“"CPA" or Chicken and Pork Adobo is one of the Filipino's staple dishes. Actually, one can throw in almost any main ingredient into the soy sauce and coconut vinegar basic sauce. I think sugar cane vinegar works best. One could also use leftover fried/roasted chicken/pork. CPA takes me back to a lifetime ago in Cebu City, where I grew up. I would gladly forego spaghetti and other more elaborate dishes for the adobo served with piping hot rice. It reminds me of happy, noisy (and loud) conversations with my family around the dinner table.”

Ingredients Nutrition


  1. In a wok, heat the canola oil, then add the crushed garlic and stir-fry until fragrant.
  2. Add the chicken and the pork cuts and stir-fry for 5 minutes.
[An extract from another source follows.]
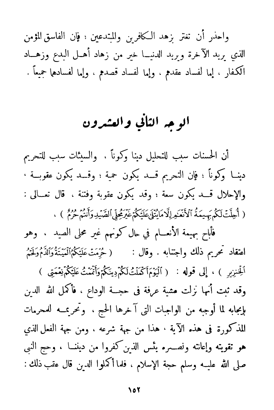 الْوَجْهُ الثَّانِيَ وَالْعِشْرُونَ: أَنَّ الْحَسَنَاتِ سَبَبٌ لِلتَّحْلِيلِ دِينًا وَكَوْنًا وَالسَّيِّئَاتِ سَبَبٌ لِلتَّحْرِيمِ دِينًا وَكَوْنًا؛ فَإِنَّ التَّحْرِيمَ قَدْ يَكُونُ حَمِيَّةً؛ وَقَدْ يَكُونُ عُقُوبَةً وَالْإِحْلَالَ قَدْ يَكُونُ سِعَةً؛ وَقَدْ يَكُونُ عُقُوبَةً وَفِتْنَةً قَالَ تَعَالَى: {أُحِلَّتْ لَكُمْ بَهِيمَةُ الْأَنْعَامِ إلَّا مَا يُتْلَى عَلَيْكُمْ غَيْرَ مُحِلِّي الصَّيْدِ وَأَنْتُمْ حُرُمٌ} فَأَبَاحَ بَهِيمَةَ الْأَنْعَامِ فِي حَالِ كَوْنِهِمْ غَيْرَ مُحَلِّي الصَّيْدِ وَهُوَ اعْتِقَادُ تَحْرِيمِ ذَلِكَ وَاجْتِنَابُهُ. وَقَالَ: {حُرِّمَتْ عَلَيْكُمُ الْمَيْتَةُ وَالدَّمُ وَلَحْمُ الْخِنْزِيرِ} إلَى قَوْلِهِ: {الْيَوْمَ أَكْمَلْتُ لَكُمْ دِينَكُمْ وَأَتْمَمْتُ عَلَيْكُمْ نِعْمَتِي} وَقَدْ ثَبَتَ أَنَّهَا نَزَلَتْ عَشِيَّةَ عَرَفَةَ فِي حِجَّةِ الْوَدَاعِ فَأَكْمَلَ اللَّهُ الدِّينَ بِإِيجَابِهِ لِمَا أَوْجَبَهُ مِنْ الْوَاجِبَاتِ الَّتِي آخِرُهَا الْحَجُّ وَتَحْرِيمِهِ لِلْمُحَرَّمَاتِ الْمَذْكُورَةِ فِي هَذِهِ الْآيَةِ هَذَا مِنْ جِهَةِ شَرْعِهِ وَمِنْ جِهَةِ الْفِعْلِ الَّذِي هُوَ تَقْوِيَتُهُ وَإِعَانَتُهُ وَنَصْرُهُ يَئِسَ الَّذِينَ كَفَرُوا مِنْ دِينِنَا وَحَجَّ النَّبِيُّ صَلَّى اللَّهُ عَلَيْهِ وَسَلَّمَ حِجَّةَ الْإِسْلَامِ فَلَمَّا أَكْمَلُوا الدِّينَ قَالَ عَقِبَ ذَلِكَ:

  3. Add the fish sauce. Stir-fry.
  4. Cover the wok and simmer for 5 minutes for the meat to absorb the fish sauce.
  5. Add the sliced onions and the green onions. Stir-fry.
  6. In a bowl, mix the soy sauce with the coconut vinegar and the ground black pepper. Add to the wok and stir.
  7. Add the bay leaf and the honey. Stir, then cover. Simmer for 15 minutes.
  8. Taste and add water or chicken broth if the sauce is too salty. Otherwise, it is ready to serve.
  9. Serve with hot rice. Enjoy!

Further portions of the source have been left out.